• [Work required]:
Stop after the line with "三星联合联通推出星粉卡,3月16日正式上线办理。 月租仅需5元!!! 每天2元即可享受无限全国流量!所有APP都不限制啊!". Up to that point, output every line of the listing below exactly from the first one onward, skipping pictures.

%%

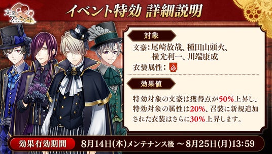 期間中「尾崎放哉」「種田山頭火」「横光利一」「川端康成」の衣装を編成して潜書すると、得点の獲得数がそれぞれ50%上昇します。また、「火」の衣装を編成して潜書すると、得点の獲得数がそれぞれ20%上昇します。
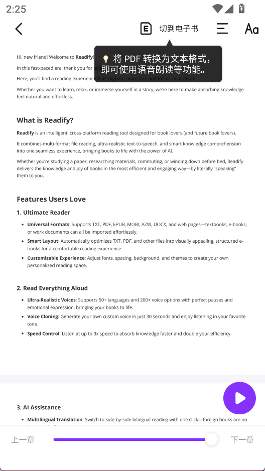 3、进入阅读界面可以一键转换为文本格式,然后使用语音朗读功能
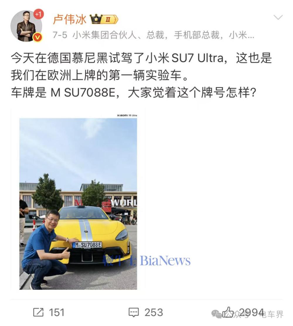 7月5日,小米集团总裁卢伟冰在微博发布了一张欧洲牌照的小米SU7 Ultra照片,并发文表示:“今天在德国慕尼黑试驾了小米SU7 Ultra,这也是我们在欧洲上牌的第一辆实验车。”
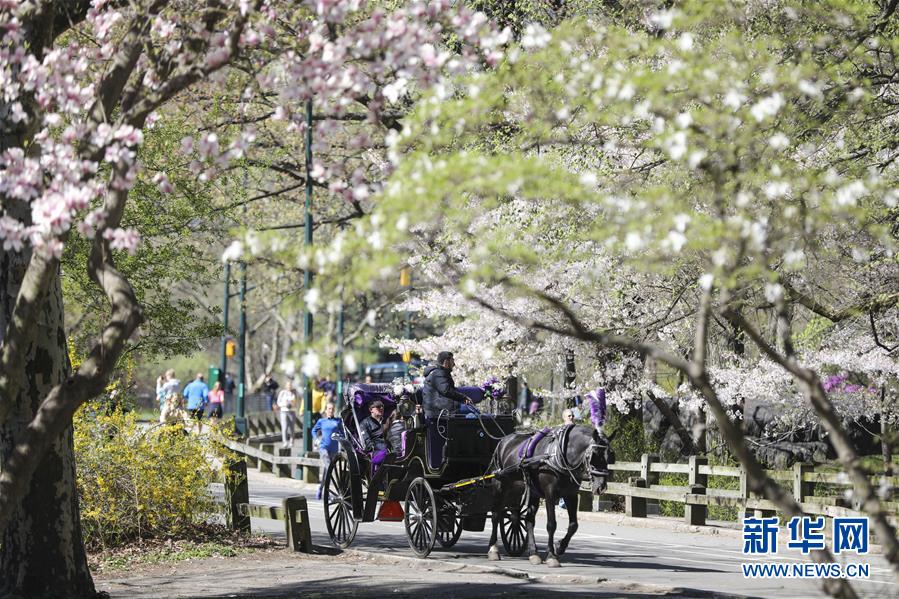 4月16日,人們?cè)诿绹?guó)紐約中央公園乘坐馬車游玩。 新華社記者 王迎 攝
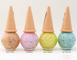 1. Les Vernis Ice Cream line par Etude House. Je vous en avais déjà parlé ici, ces vernis que j’ai découvert il y a 1 an, qui date de 2013-2014 il me semble. Je me demande vraiment comment j’ai pu passer à coté. L’ancienne collection « Ice Cream » était composé de vernis à pailletés, mais celle-ci est un peu plus dans les tons estivales je trouve: du corail, du bleu piscine, du jaune pétant, du mauve tout doux,… Je la définirais comme acidulé et pastel. Actuellement j’ai le bleu, le marron, le vert et le orange. Il m’en manque encore quelques uns.
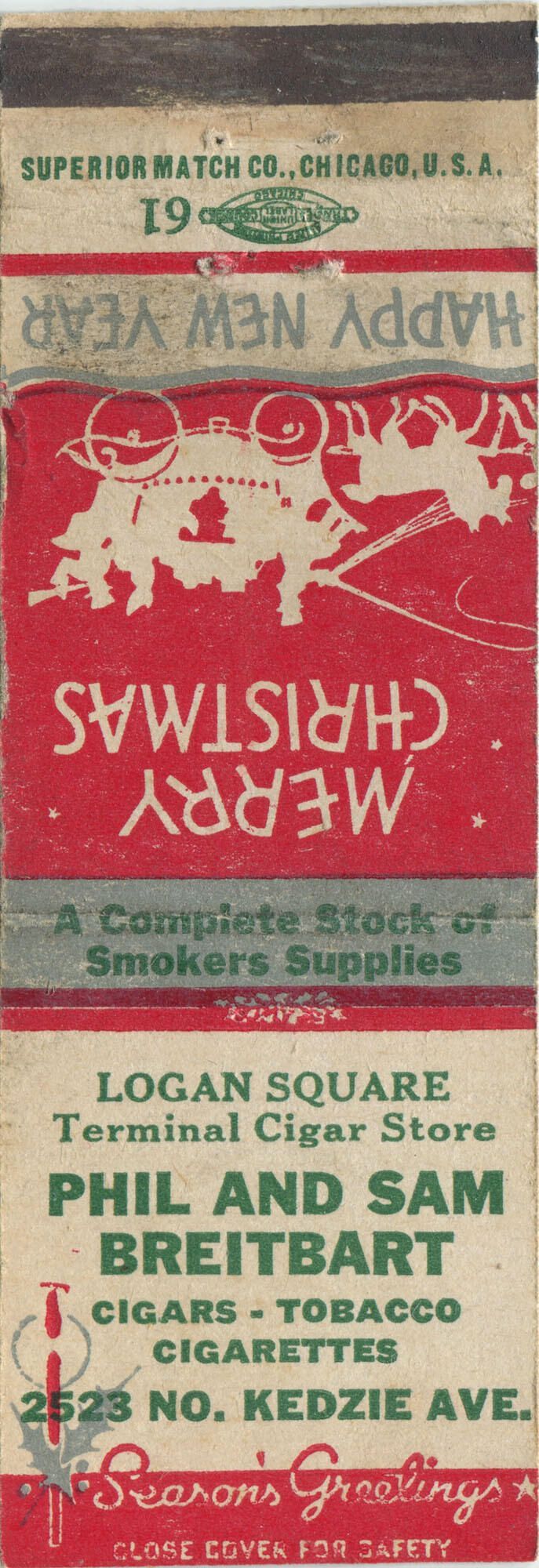 1.5" holiday-theme matchbook for Terminal Cigar Store, proprietors Phil & Sam Breitbart, with silhouette illustration of stagecoach on back: "Merry Christmas"Publication Details
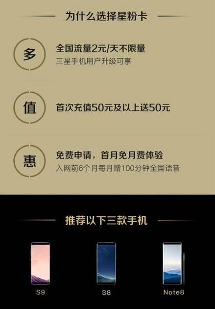 三星联合联通推出星粉卡,3月16日正式上线办理。 月租仅需5元!!! 每天2元即可享受无限全国流量!所有APP都不限制啊! 办理首月免月租体验,前6个月每月送100分钟全国语音通话。首充50送50。
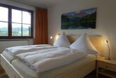 Die Ferienwohnung Schuster befindet sich in der ersten Etage und verfügt über eine komplett ausgestattete Küchenzeile mit Anschluß an den hellen Wohnraum mit Couch und Esstisch. Das separate helle Schlafzimmer ist mit einem Doppelbett und großem Kleiderschrank eingerichet. Weitere zwei Personen finden im Wohnraum auf der Ausziehcouch eine Schlafgelegenheit.
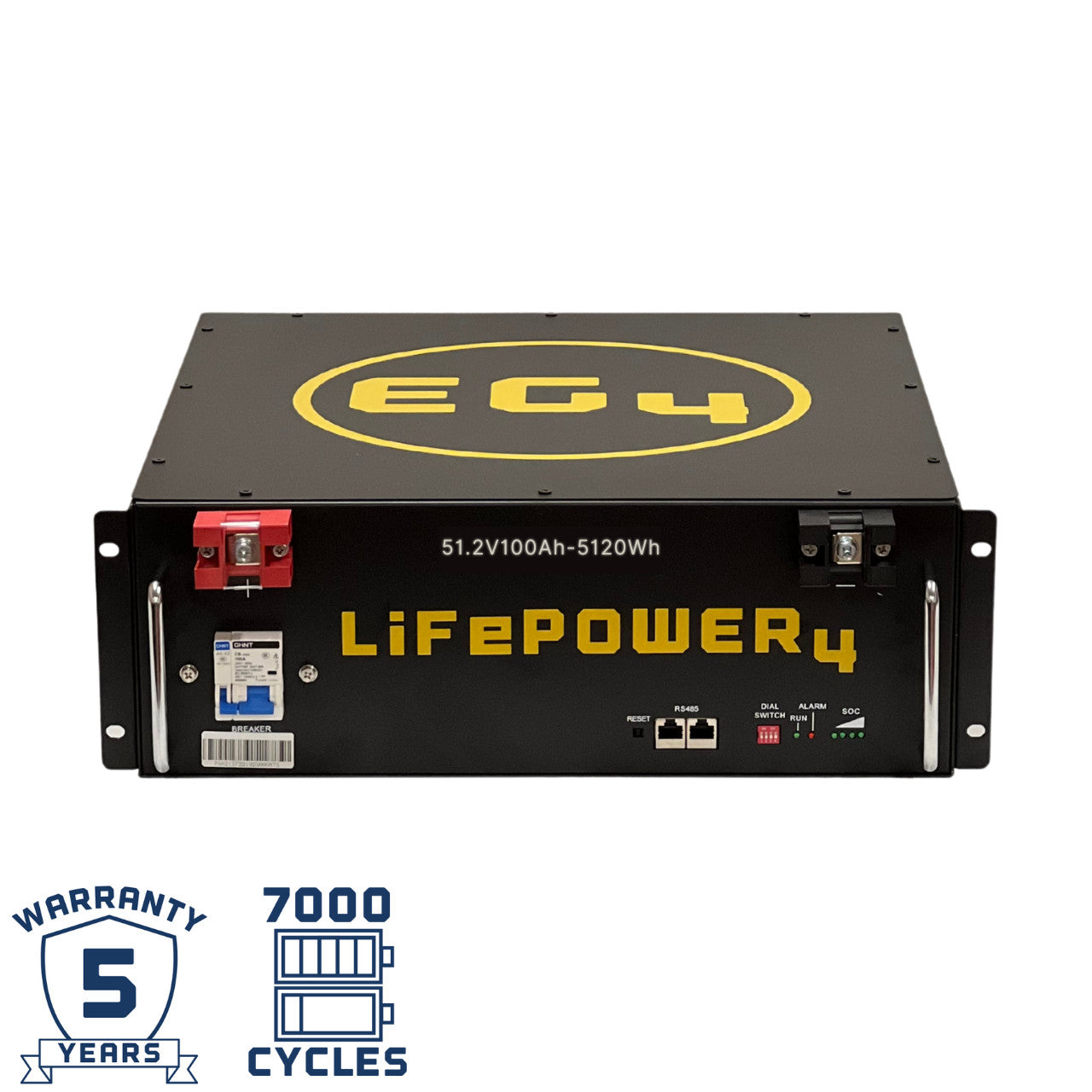 Introducing the EG4 LifePower4 Lithium Battery – a powerhouse of energy storage that offers unmatched reliability and durability. With an impressive 100AH capacity and an advanced internal Battery Management System (BMS), this battery is engineered to excel in every aspect. Inside its sturdy casing, you’ll find a configuration of 16 UL listed prismatic cells, each providing 3.2 volts in series. Rigorously tested through 7,000 deep discharge cycles at 80% Depth of Discharge (DoD), this battery can be charged and discharged daily for over 15 years without skipping a beat.

%%

• [Output]:
 期間中「尾崎放哉」「種田山頭火」「横光利一」「川端康成」の衣装を編成して潜書すると、得点の獲得数がそれぞれ50%上昇します。また、「火」の衣装を編成して潜書すると、得点の獲得数がそれぞれ20%上昇します。
 3、进入阅读界面可以一键转换为文本格式,然后使用语音朗读功能
 7月5日,小米集团总裁卢伟冰在微博发布了一张欧洲牌照的小米SU7 Ultra照片,并发文表示:“今天在德国慕尼黑试驾了小米SU7 Ultra,这也是我们在欧洲上牌的第一辆实验车。”
 4月16日,人們?cè)诿绹?guó)紐約中央公園乘坐馬車游玩。 新華社記者 王迎 攝
 1. Les Vernis Ice Cream line par Etude House. Je vous en avais déjà parlé ici, ces vernis que j’ai découvert il y a 1 an, qui date de 2013-2014 il me semble. Je me demande vraiment comment j’ai pu passer à coté. L’ancienne collection « Ice Cream » était composé de vernis à pailletés, mais celle-ci est un peu plus dans les tons estivales je trouve: du corail, du bleu piscine, du jaune pétant, du mauve tout doux,… Je la définirais comme acidulé et pastel. Actuellement j’ai le bleu, le marron, le vert et le orange. Il m’en manque encore quelques uns.
 1.5" holiday-theme matchbook for Terminal Cigar Store, proprietors Phil & Sam Breitbart, with silhouette illustration of stagecoach on back: "Merry Christmas"Publication Details
 三星联合联通推出星粉卡,3月16日正式上线办理。 月租仅需5元!!! 每天2元即可享受无限全国流量!所有APP都不限制啊! 办理首月免月租体验,前6个月每月送100分钟全国语音通话。首充50送50。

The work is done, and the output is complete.